When it finally gets to the assassination of OBL (or whatever you want to call it), the people who did it are not really presented as impressive or heroic, though they clearly think they are, and Bigelow directed Point Break, so knows how to make that kind of scene incredibly exciting. They seem more like a bunch of thugs and murderously-inclined yahoos, who break into a house, kill a bunch of people in front of some kids (including at least a couple of unarmed women), manage to crash a secret helicopter, nearly start murdering an entire neighbourhood full of people, and narrowly avoid getting attacked (rightly) by the Pakistani airforce. (Not spoiler-blocking widely known historical fact lol)

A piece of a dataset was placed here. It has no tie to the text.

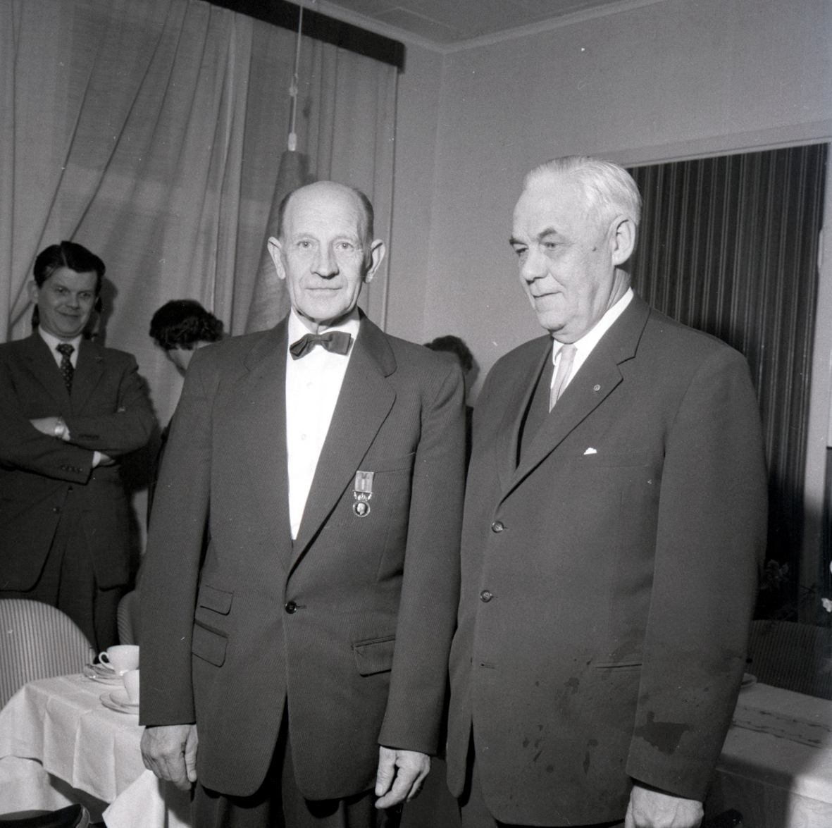 Medaljöverlämning och middag i Föra 10/2 1960. Postdirektör Axel Engers, Fru Berta Nilsson, Föra. Postmästaren Cir Ewers, Borgholm.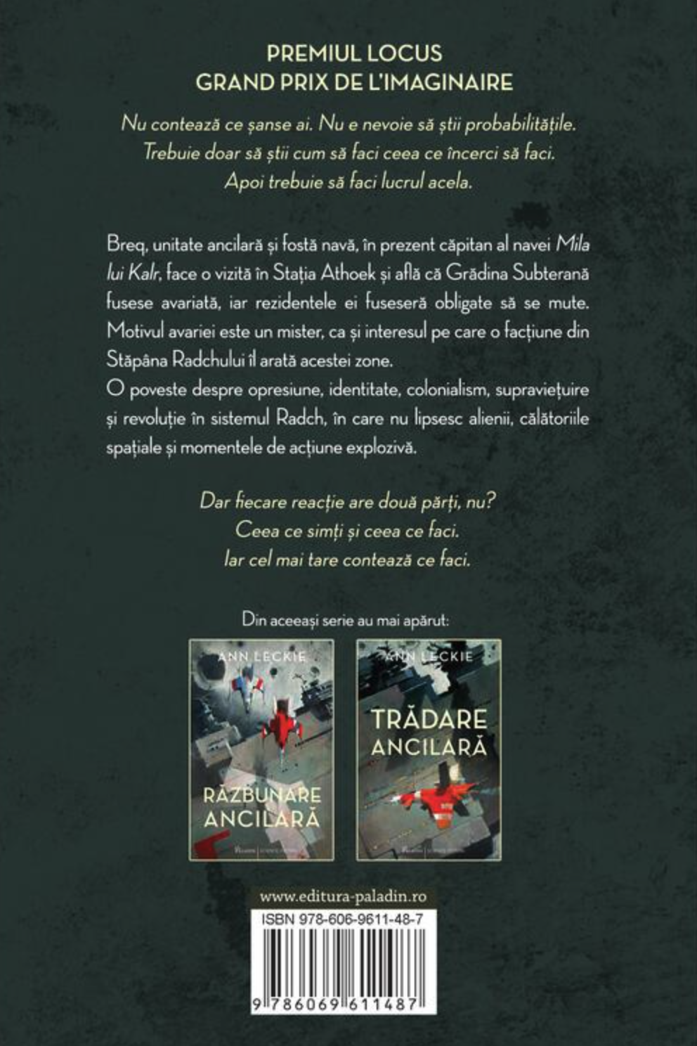 „Dacă nu știți seria Ancilarelor, acum e momentul să faceți cunoștință. O space opera sociopolitică scrisă de Ann Leckie și care a reușit aproape de una singură să insufle o nouă viață în stereotipul navelor spațiale ce plutesc prin sisteme îndepărtate, în mijlocul luptelor cu lasere. Mila ancilară merită toate laudele pe care le-a primit.“ -- NPR Books

And the film basically ends with the main character alone and weeping (not in a happy way), I guess because she realizes she just spent ages 19-31 or whatever chasing down and killing a dude (seemingly more for revenge than because he’s actually behind ongoing stuff and “needs to be stopped”), via completely unethical means and now he’s dead, what’s next for her? She’s got no friends, no family, no education, she can’t tell people she did it, her interpersonal skills are weak as hell, so I guess life as a CIA spinster awaits? I am supposed to feel sorry for a psycho who wanted to drop a bomb on some kids? I dunno. It’s unclear. The movie could be read as a sort of nigh-cheerful account of all this, or as a subtle but quite serious criticism of the entire post-9/11 deal. The torture is shown to be pointless. Almost all of what the US does in the movie is shown as pointless and cruel. Only bribery and manipulation, together with technology, gets them anywhere.
There’s also one minor factual oddity with the movie though because they claim the semi-fake vaccination program didn’t achieve anything, but it was actually reported by CIA sources as being pivotal in convincing people that the raid could go ahead, because they ID’d some people in the compound as being very closely related to OBL as a result of it (which was notable given he was a Saudi noble, not Pakistani). I suspect this is a matter of the US trying to downplay that whole angle though because it was particularly hideously unethical as it damaged people’s trust in vaccines in Pakistan and other countries, and largely sticking to what the US had openly admitted - though they had a lot of semi-secret details thanks to an ill-advised lecture on the raid given at an awards dinner, where the lecture-giver apparently didn’t realize civilians and journalists were present.